The lower levels of H3K27me3 and the higher levels of H3K4me3 and H3K27Ac indicate activation of the expression of the TWIST1 gene in A-427 cells (Figure 5C–D). In contrast, only marginal increases in H3K27Ac caused by cisplatinum exposure were observed in INER-37 cells (Figure 5C–D). As a result of these changes, TWIST1 mRNA overexpression was induced in A-427 cells (p≤0.001) but not in INER-37 cells (Figure 5F).

Based on the results outlined above, we propose that MEOX2 and TWIST1 overexpression is associated with reduced H3K27me3 levels and that increased H3K4me3 levels at both the MEOX2 and TWIST1 promoters participate in resistance to oncologic drugs, as likely occurred in cisplatinum/carboplatinum-treated NSCLC patients (Table 1).

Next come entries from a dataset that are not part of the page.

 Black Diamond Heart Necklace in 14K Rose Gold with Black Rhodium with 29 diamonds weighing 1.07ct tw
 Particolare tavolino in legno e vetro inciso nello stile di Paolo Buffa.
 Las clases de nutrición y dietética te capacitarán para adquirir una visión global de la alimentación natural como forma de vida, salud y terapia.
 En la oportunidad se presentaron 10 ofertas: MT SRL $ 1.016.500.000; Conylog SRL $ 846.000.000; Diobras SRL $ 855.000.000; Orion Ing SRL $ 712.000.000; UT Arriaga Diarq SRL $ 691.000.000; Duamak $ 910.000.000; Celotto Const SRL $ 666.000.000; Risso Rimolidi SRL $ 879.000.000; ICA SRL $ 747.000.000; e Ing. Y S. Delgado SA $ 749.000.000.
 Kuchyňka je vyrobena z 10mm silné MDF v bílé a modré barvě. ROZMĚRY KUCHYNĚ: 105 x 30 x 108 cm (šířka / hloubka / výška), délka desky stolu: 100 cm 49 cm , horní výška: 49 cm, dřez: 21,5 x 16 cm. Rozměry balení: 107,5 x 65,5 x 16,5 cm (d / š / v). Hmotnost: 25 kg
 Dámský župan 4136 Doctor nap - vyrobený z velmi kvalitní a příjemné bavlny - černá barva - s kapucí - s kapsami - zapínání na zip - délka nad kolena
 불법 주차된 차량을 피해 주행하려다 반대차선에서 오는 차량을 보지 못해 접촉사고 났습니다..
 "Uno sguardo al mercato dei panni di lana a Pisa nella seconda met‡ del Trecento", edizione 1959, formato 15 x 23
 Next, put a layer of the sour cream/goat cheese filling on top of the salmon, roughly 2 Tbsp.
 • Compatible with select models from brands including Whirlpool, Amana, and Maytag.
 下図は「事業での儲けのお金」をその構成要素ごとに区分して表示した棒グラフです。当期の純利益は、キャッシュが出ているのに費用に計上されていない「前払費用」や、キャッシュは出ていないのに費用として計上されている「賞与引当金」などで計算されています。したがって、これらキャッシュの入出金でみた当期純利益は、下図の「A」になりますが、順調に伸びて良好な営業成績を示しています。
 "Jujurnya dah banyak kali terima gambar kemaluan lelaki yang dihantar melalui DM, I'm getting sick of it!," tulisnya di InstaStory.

To test this hypothesis, cisplatinum-resistance assays were conducted in A-427 and INER-37 cells, revealing that A-427 cells developed greater chemoresistance than INER-37 cells (Figure 5G). According to this, we suggest that stochastic effects caused by cisplatinum reduced the levels of H3K27me3 and increased the levels of H3K4me3 at both the MEOX2 and TWIST1 sequence promoters (Figure 5B and D), promoting MEOX2 and TWIST1 mRNA overexpression (Figure 5E–F) and contributing to chemoresistance in A-427 cells (Figure 5G). These results were in accordance with the lack of induced mRNA expression in response to 5′-aza-deoxycytidine treatment; in contrast of the induction of mRNA expression using histone deacetylase inhibitor TSA (data not shown).

Finally, we demonstrated that cisplatinum chemoresistance is highly dependent upon MEOX2 (rather than TWIST1) in the chemoresistant A-427 cell line using cellular cytotoxicity assays and genetic silencing (Figure 5H). In this regard, we observed that MEOX2 protein expression is induced in a cisplatinum dose-dependent manner, where MEOX2 inducible expression decreased by greater than 60% using siRNA/MEOX2 silencing assays (data not shown). These results support our hypothesis that the loss of H3K27me3 and the enrichment of H3K4me3, as well as H3K27Ac in some cases (Figure 5A–D) exceed the presence or absence of CNVs at 7p21 inducing overexpression of MEOX2 and TWIST1, associated to NSCLC patients prognosis.

Discussion

Lung cancer has long been considered to affect primarily elderly people, but it has recently occurred with greater frequency in younger patients, suggesting the influence of external environmental factors that may supersede genetic susceptibility factors that are associated with lung cancer development, such as genetic polymorphisms at 5p15.33 [22], [23] and 6p21.33 [23].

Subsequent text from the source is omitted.